From the first line to the last, set down the material exactly, leaving out its pictures.

COLLECTED MATERIAL:

+++++

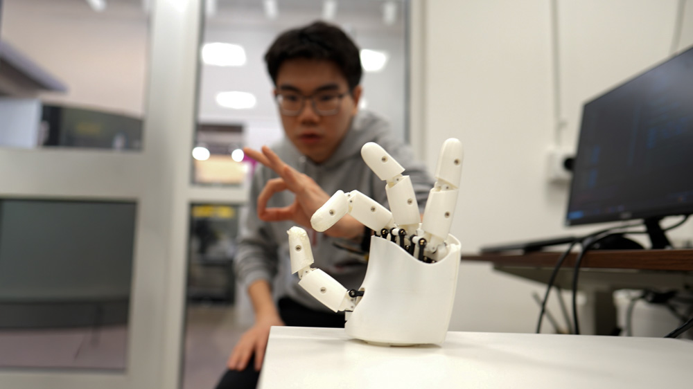 Engineers have designed a wristband that lets wearers control a robotic hand with their own movements. By moving their hands and fingers, users can direct a robot to play piano or shoot a basketball, or manipulate objects in a virtual environment. Watch video
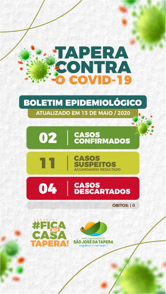 O Boletim Epidemiológico desta quarta-feira, 13, divulgado pela Secretaria Municipal de Saúde do município de São José da Tapera, sertão de Alagoas, trouxe a confirmação de seu segundo caso de Covid-19 ( Novo Coronavírus).
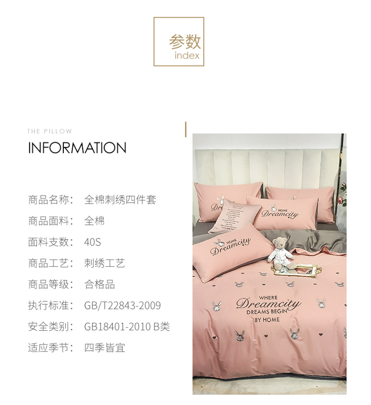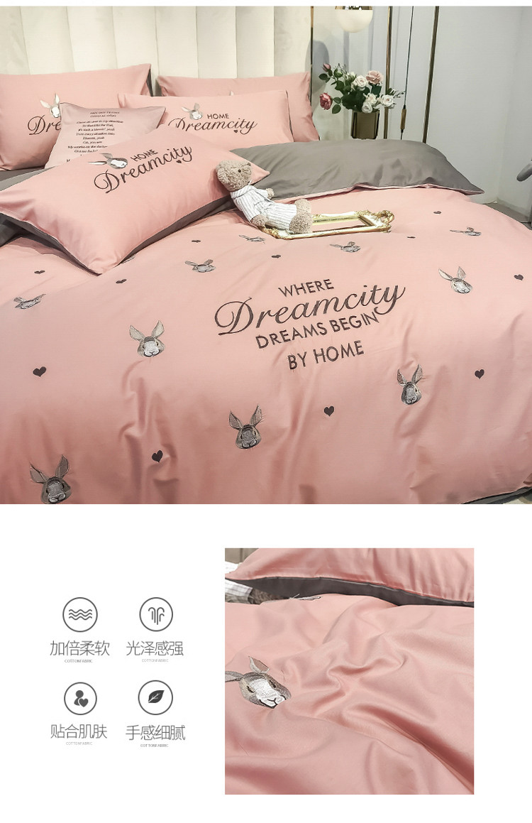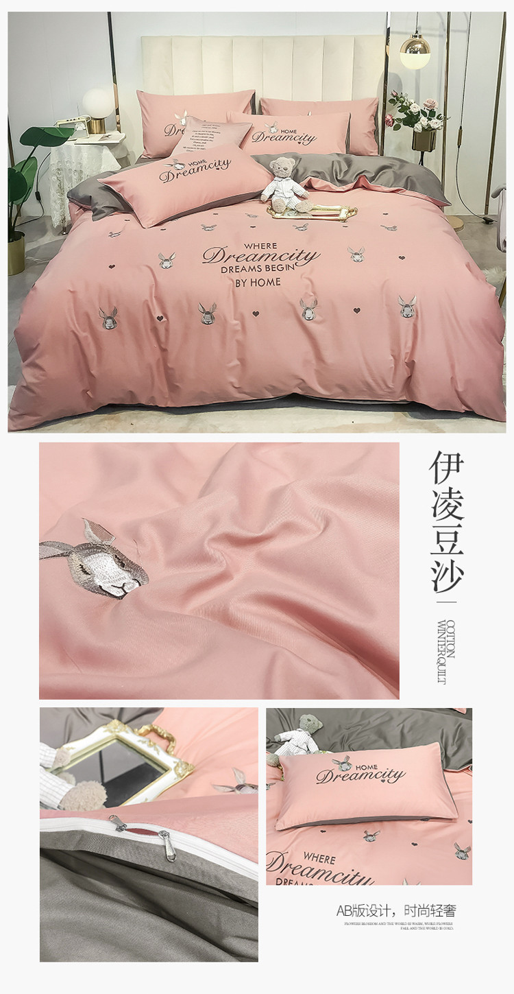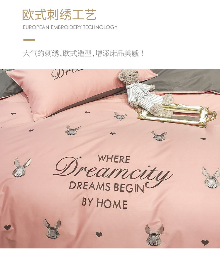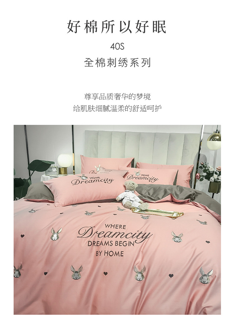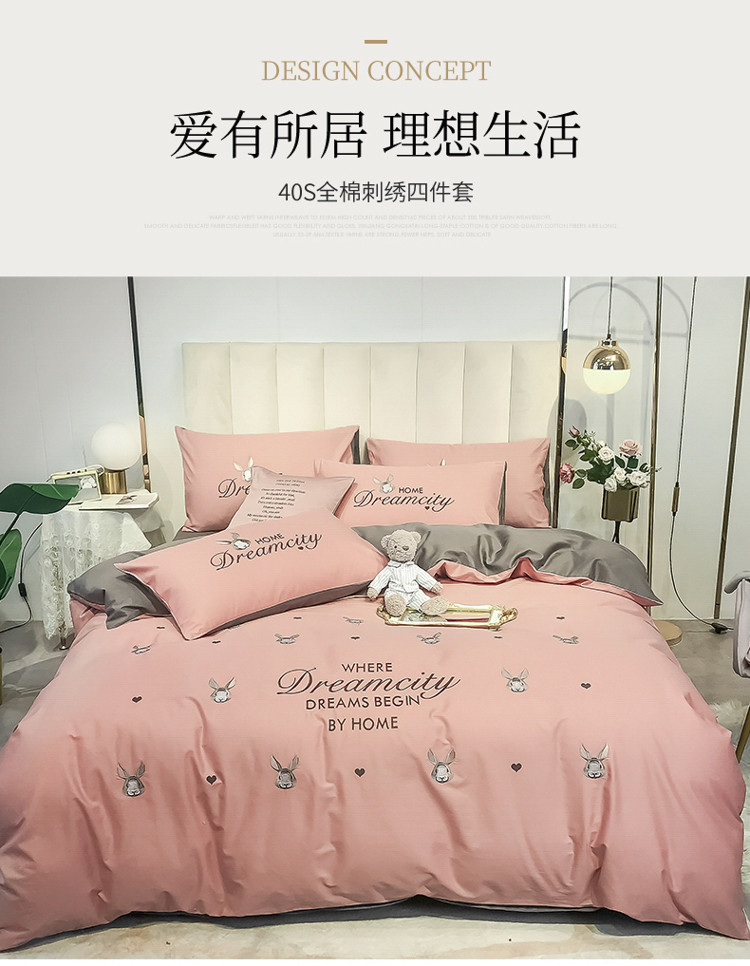当前位置: 91家纺网 > 商品网购 > 床品套件 > 四件套 > 全棉普通四件套 > 眠帛家居 2020全棉绣花小清新四件套 伊凌豆沙

+++++

RESULT:
 Engineers have designed a wristband that lets wearers control a robotic hand with their own movements. By moving their hands and fingers, users can direct a robot to play piano or shoot a basketball, or manipulate objects in a virtual environment. Watch video
 O Boletim Epidemiológico desta quarta-feira, 13, divulgado pela Secretaria Municipal de Saúde do município de São José da Tapera, sertão de Alagoas, trouxe a confirmação de seu segundo caso de Covid-19 ( Novo Coronavírus).
当前位置: 91家纺网 > 商品网购 > 床品套件 > 四件套 > 全棉普通四件套 > 眠帛家居 2020全棉绣花小清新四件套 伊凌豆沙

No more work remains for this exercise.